With the 370Z and GT-R, Nissan has two of the oldest performance cars on sale today. While the former will finally be renewed later this month (well, at least in prototype guise), the latter will not switch to the next generation anytime soon. As a matter of fact, a new report from Japanese magazine Best Car Web says we're not going to see it before 2023 at the earliest.
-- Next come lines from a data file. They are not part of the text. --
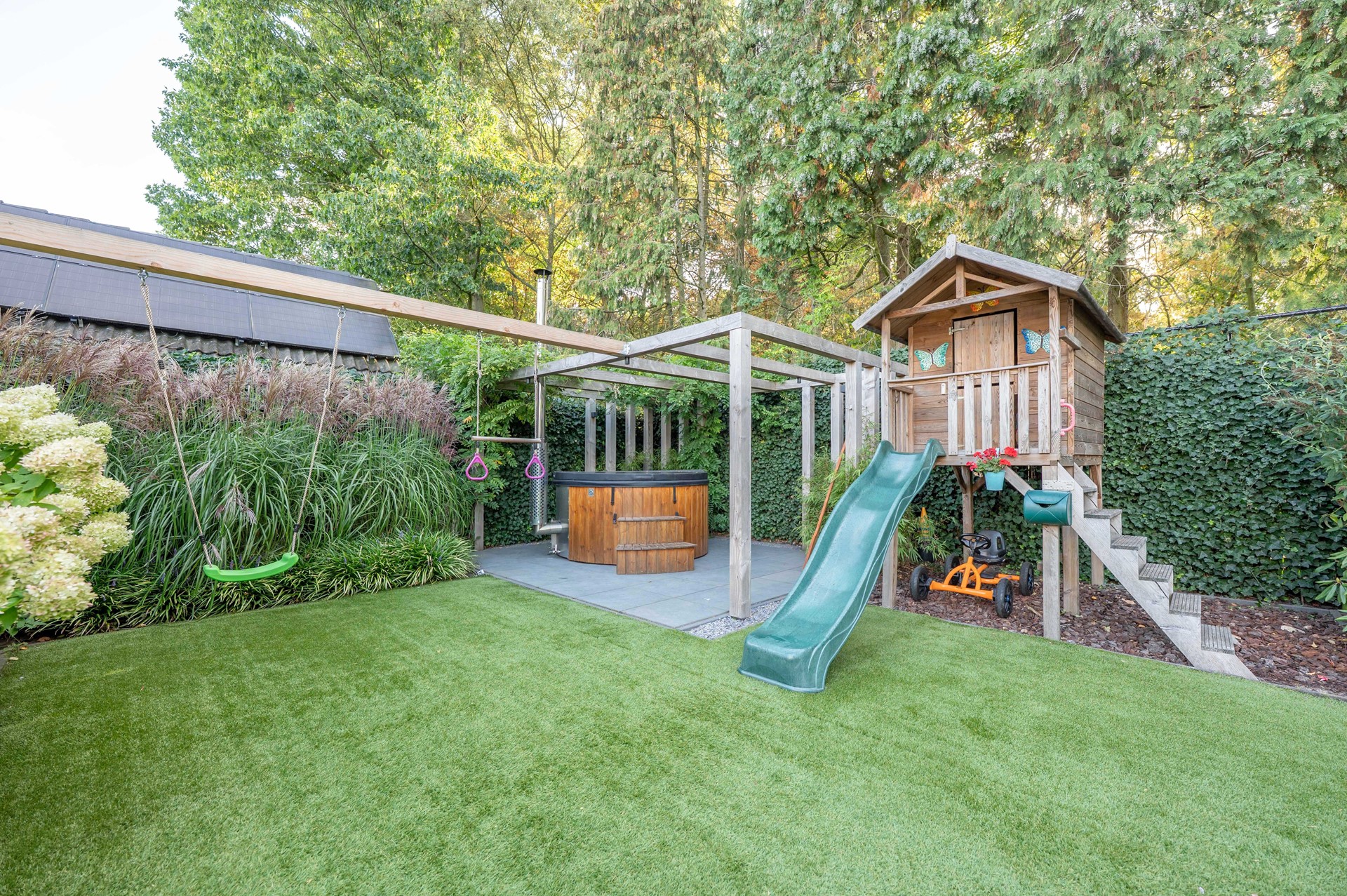 De tuin – onder architectuur aangelegd – straalt klasse en rust uit. Deze buitenruimte nodigt uit om te tuinieren, te ontspannen, te spelen, buiten te eten en te genieten. De sfeervolle overkapping is de aangewezen plek om tot in de late uurtjes buiten te blijven zitten, weer of geen weer. Barbecue, borrel, of juist een zen-momentje met een boek? De mogelijkheden zijn eindeloos. Hier is jouw privacy gegarandeerd.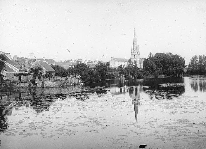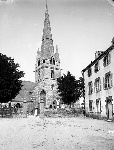 Eglise probablement construite au 13e siècle, possédant un clocher des 13e-14e siècles dont le tracé est différent de celui des clochers bretons, notamment en ce qui concerne la naissance et les amortissements de la flèche. L'édifice était entouré d'un cimetière et de son calvaire.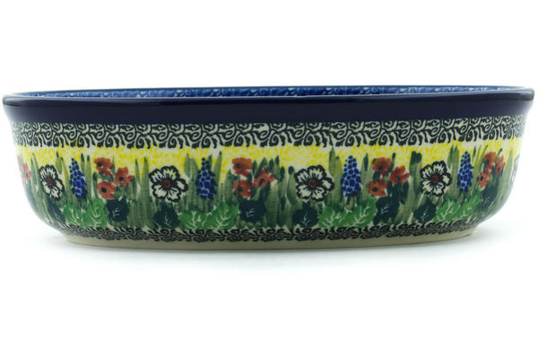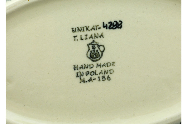 This Copper Rose Meadow 8" Oval Baker was handmade and hand decorated in Boleslawiec, Poland by skilled artisans according to old traditional methods. This is a Polish pottery Signature Unikat, which means that it has been hand painted with both sponges and brushes and it is signed by the artist who painted it. Unikat pieces are the most intricate works of art. Larger Unikat items take hours of very careful work to finish. This Polish stoneware is microwave, dishwasher, freezer, and oven safe up to 480°F. It does not contain lead or cadmium. It is part of the Copper Rose Meadow Collection.

The R35 Godzilla will apparently go out with a 710-horsepower bang in 2022 when Nissan is rumored to introduce a Final Edition. It will be nearly 15 years old by then, and this swan song is expected to be a limited-run affair capped at approximately 20 units. If that horsepower count seems familiar, that's because the special model will allegedly use the same powertrain as the GT-R50 by Italdesign and its mighty 575 pound-feet (780 Newton-meters) of torque.
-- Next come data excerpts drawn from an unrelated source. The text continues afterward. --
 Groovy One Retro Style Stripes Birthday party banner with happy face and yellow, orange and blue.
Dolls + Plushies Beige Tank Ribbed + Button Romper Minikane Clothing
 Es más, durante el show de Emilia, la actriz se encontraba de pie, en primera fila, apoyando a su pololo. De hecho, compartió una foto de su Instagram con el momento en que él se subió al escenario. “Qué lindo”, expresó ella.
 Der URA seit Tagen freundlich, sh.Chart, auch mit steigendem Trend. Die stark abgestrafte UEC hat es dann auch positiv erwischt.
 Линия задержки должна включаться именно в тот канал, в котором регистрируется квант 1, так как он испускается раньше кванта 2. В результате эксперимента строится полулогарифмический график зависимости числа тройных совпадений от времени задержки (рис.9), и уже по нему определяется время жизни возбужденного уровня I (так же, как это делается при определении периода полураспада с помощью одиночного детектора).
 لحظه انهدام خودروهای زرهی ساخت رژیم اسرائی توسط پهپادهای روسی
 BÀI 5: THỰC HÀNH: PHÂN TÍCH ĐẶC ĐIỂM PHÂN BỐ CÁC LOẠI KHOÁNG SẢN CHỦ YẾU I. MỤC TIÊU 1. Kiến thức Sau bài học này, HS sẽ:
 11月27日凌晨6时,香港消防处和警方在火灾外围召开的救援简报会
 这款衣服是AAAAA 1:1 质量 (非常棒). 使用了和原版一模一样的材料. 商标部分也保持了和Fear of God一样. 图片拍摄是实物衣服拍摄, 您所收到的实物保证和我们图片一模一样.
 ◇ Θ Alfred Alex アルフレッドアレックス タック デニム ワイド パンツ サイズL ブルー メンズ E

As you may recall, the GT-R50 uses a heavily upgraded version of the twin-turbo 3.8-liter V6 engine, further tuned by Nismo and equipped with turbochargers from the GT3-spec GT-R race car. The powertrain boasts larger intercoolers along with high-flow fuel injectors, along with reinforcements made to the six-speed dual-clutch automatic transmission and other major components.

Best Car Web magazine also says the GT-R R35 Final Edition is going to cost 40 million yen at home in Japan, which works out to about $377,300 at current exchange rates. That's a lot more than the 2021 GT-R Nismo available in the United States from $210,740, but a relative bargain compared to the GT-R50 by Italdesign and its $1 million sticker.
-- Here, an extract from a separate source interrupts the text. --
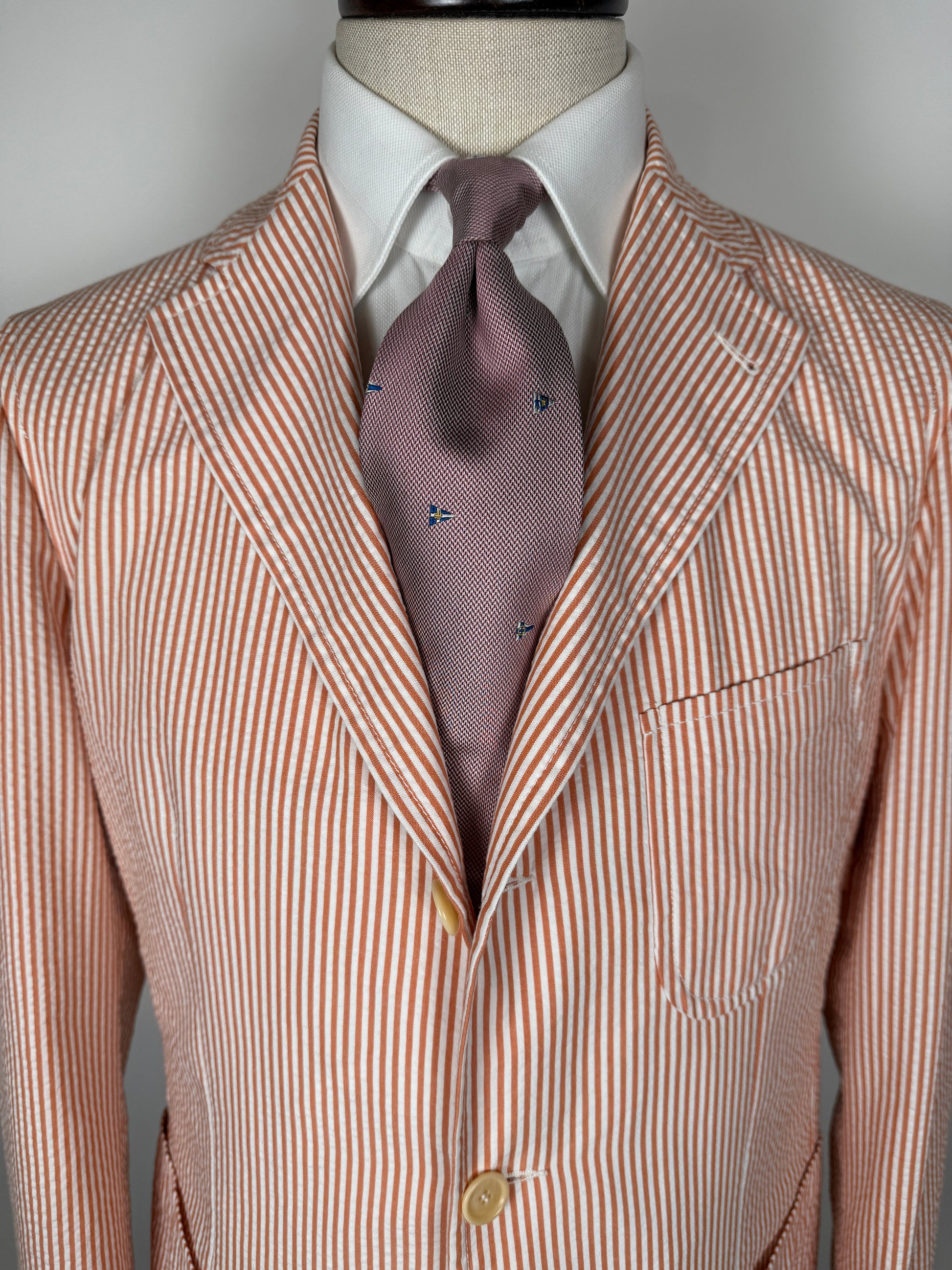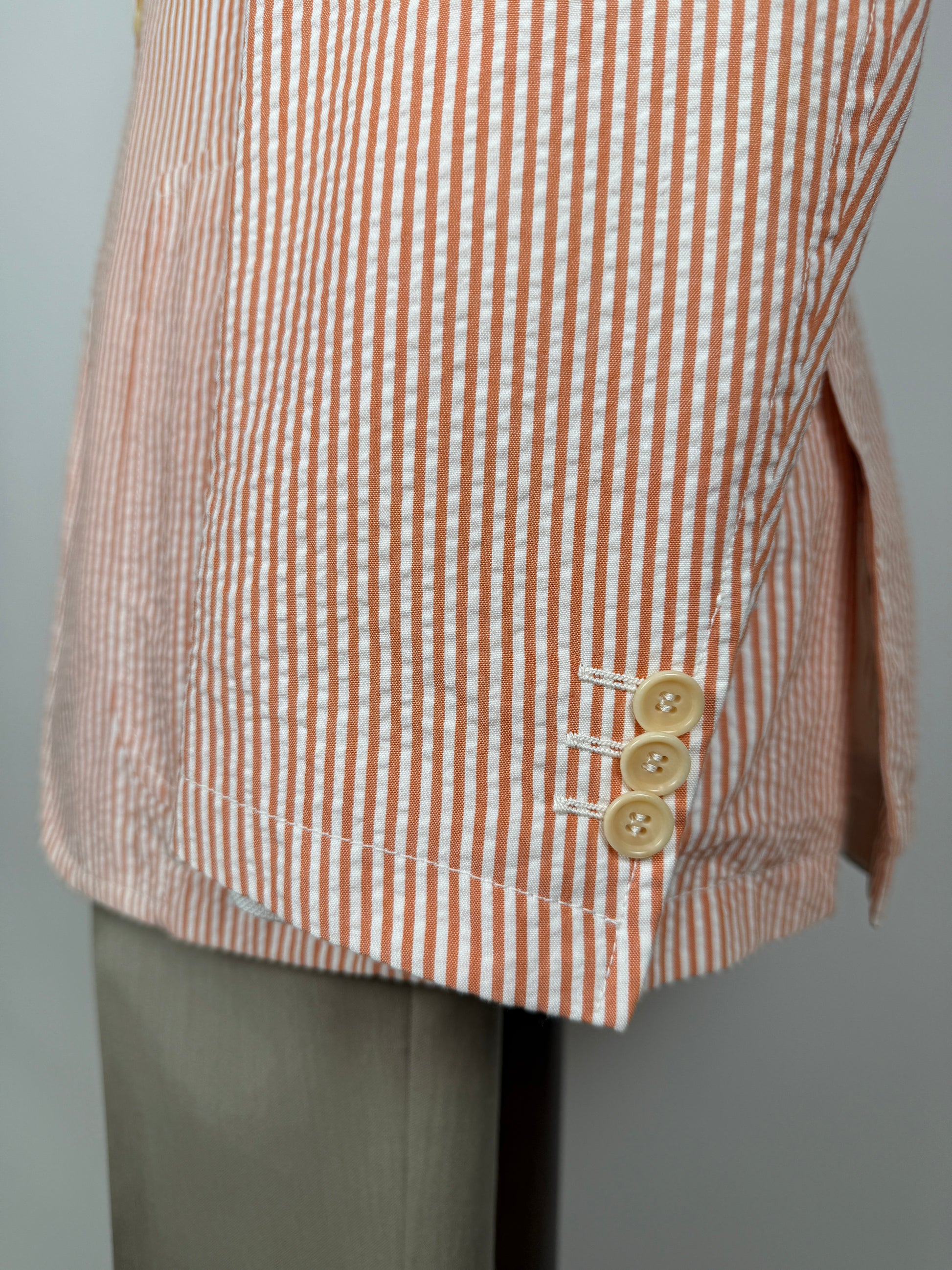 Moderna giacca estiva Tagliatore in bel tessuto seersucker a riga rosso/rosa salmone.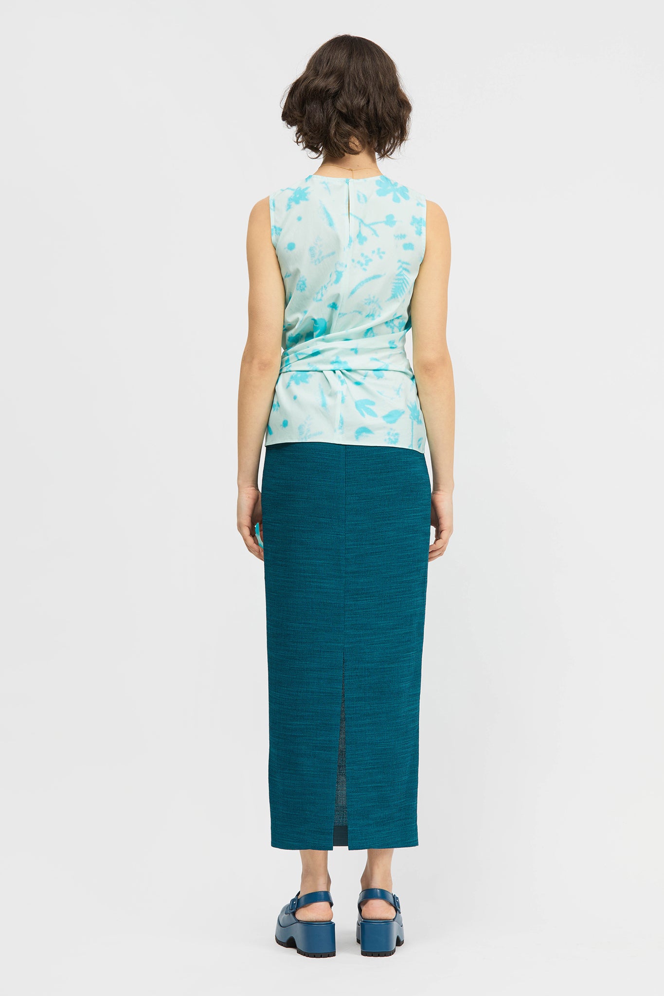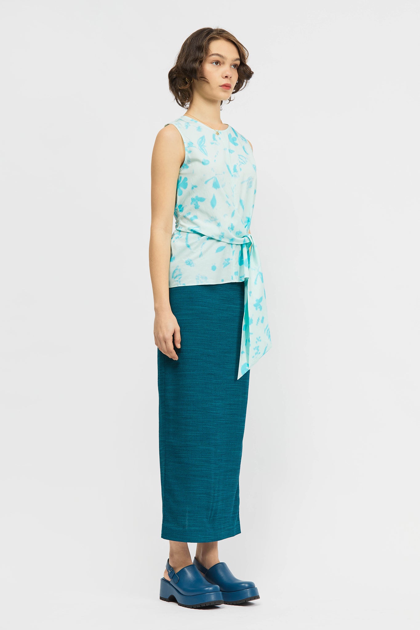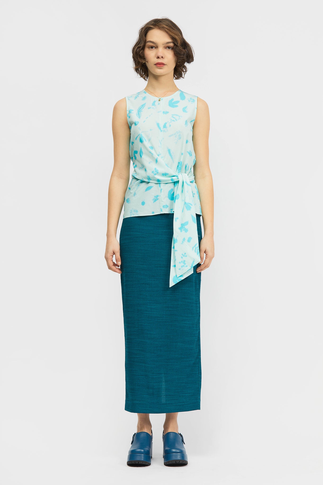 The Goyo Top is a sleeveless, regular fit style. Features include a rounded neckline and tie detail that ties at side waist. Made in a soft viscose/ cotton blend in búl’s in-house designed Namu Print.

As it's always the case with GT-R reports, take the latest gossip with the proverbial pinch of salt. That said, it would make sense for the R35 to bow out with a powerful version considering the hardware is already available.

Beyond the R35, the next-gen model is widely believed to be electrified in one way or another, possibly by using a kinetic energy recovery system adapted from the GT-R LM Nismo race car used at Le Mans. Automotive News claims the R36 could indeed arrive in 2023.